Measuring Post-Buyback Performance: A Framework for Separating Alpha from Beta
A company announces a significant share buyback, and its stock price subsequently outperforms the broader market. It is a common narrative, but for the discerning trader, the story does not end there. The important question is: how much of that outperformance was due to the buyback itself (alpha), and how much was simply a reflection of the stock's sensitivity to the market (beta)? The ability to decompose post-buyback performance into these two components is essential for accurately evaluating the true impact of a repurchase program and for making informed trading decisions. This article presents a framework for doing just that.
The Challenge of Measuring True Impact
Measuring the true impact of a buyback is not as simple as comparing the stock's return to the return of the S&P 500. A stock's performance is influenced by a multitude of factors, including its industry, its size, its valuation, and its growth prospects. To isolate the impact of the buyback, we need to control for these other factors.
One of the most common ways to do this is to use a multi-factor model, such as the Fama-French three-factor model. This model explains a stock's return in terms of its sensitivity to three factors: the market factor (beta), the size factor (SMB, or small-minus-big), and the value factor (HML, or high-minus-low). By regressing a stock's returns against these three factors, we can determine how much of the return is explained by the factors and how much is unexplained. The unexplained portion is the alpha, and it is this alpha that we are interested in.
A Methodology for Creating a Peer Group and a Benchmark
To accurately measure the alpha generated by a buyback, we need to compare the stock's performance to a relevant benchmark. The S&P 500 is a good starting point, but it is not always the most appropriate benchmark. For example, if the company is a small-cap technology stock, it would be more appropriate to compare its performance to a small-cap technology index.
An even better approach is to create a custom peer group of companies that are similar to the company in question. This peer group should be composed of companies in the same industry, of a similar size, and with similar valuation and growth characteristics. By comparing the stock's performance to the performance of this peer group, we can get a much more accurate measure of the alpha generated by the buyback.

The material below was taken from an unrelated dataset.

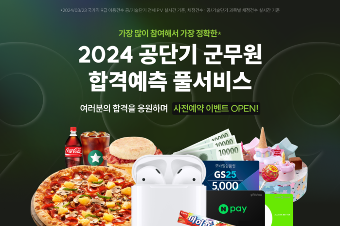 [시민일보 = 여영준 기자] 에스티유니타스의 공무원 시험 전문 브랜드 ‘공단기’는 2024년 9급 군무원 시험의 합격을 사전에 예측해 주는 ‘풀서비스’를 시험 종료 직후부터 이용할 수 있도록 공개한다고 11일 밝혔다.

Using Regression Analysis to Isolate Alpha
Once we have a peer group and a benchmark, we can use regression analysis to isolate the alpha. The first step is to calculate the excess return of the stock and the excess return of the peer group. The excess return is the return of the stock or the peer group minus the return of the risk-free rate (e.g., the yield on a 3-month Treasury bill).

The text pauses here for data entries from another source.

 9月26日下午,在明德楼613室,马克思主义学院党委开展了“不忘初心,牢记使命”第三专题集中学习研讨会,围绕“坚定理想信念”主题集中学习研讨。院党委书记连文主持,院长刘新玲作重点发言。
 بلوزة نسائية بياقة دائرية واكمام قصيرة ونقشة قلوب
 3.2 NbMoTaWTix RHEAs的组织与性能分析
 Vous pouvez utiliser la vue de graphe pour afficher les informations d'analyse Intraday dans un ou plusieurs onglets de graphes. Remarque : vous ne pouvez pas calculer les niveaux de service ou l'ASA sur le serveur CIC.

The next step is to regress the excess return of the stock against the excess return of the peer group. The output of this regression will give us two important numbers: the beta and the alpha. The beta is a measure of the stock's sensitivity to the peer group. A beta of 1.0 means that the stock is just as volatile as the peer group. A beta of 1.5 means that the stock is 50% more volatile than the peer group. The alpha is a measure of the stock's performance after controlling for its beta. A positive alpha means that the stock has outperformed the peer group, while a negative alpha means that it has underperformed.
Case Study: A Post-Mortem Analysis of a Major Buyback Program
Let's consider a hypothetical case study. In January 2023, a large-cap pharmaceutical company, PharmaCo, announced a $10 billion share buyback program. In the 12 months following the announcement, PharmaCo's stock returned 20%, while the S&P 500 returned 15%. On the surface, it looks like the buyback was a success. However, to be sure, we need to dig deeper.
First, we create a peer group of other large-cap pharmaceutical companies. We find that this peer group returned 18% over the same period. So, PharmaCo's stock outperformed its peers by 2%. This is a good start, but we still need to control for the stock's beta.
We regress PharmaCo's excess returns against the excess returns of the peer group. We find that the stock has a beta of 1.1 and an alpha of 0.5%. This means that after controlling for the stock's sensitivity to its peer group, the buyback generated an annualized alpha of 0.5%. This is a much more modest result than the initial 5% outperformance relative to the S&P 500, but it is also a much more accurate measure of the true impact of the buyback.
By using a rigorous framework for measuring post-buyback performance, traders can move beyond the simplistic narratives and gain a true understanding of the value created by these programs. This can lead to more informed trading decisions and a more profitable portfolio over the long run.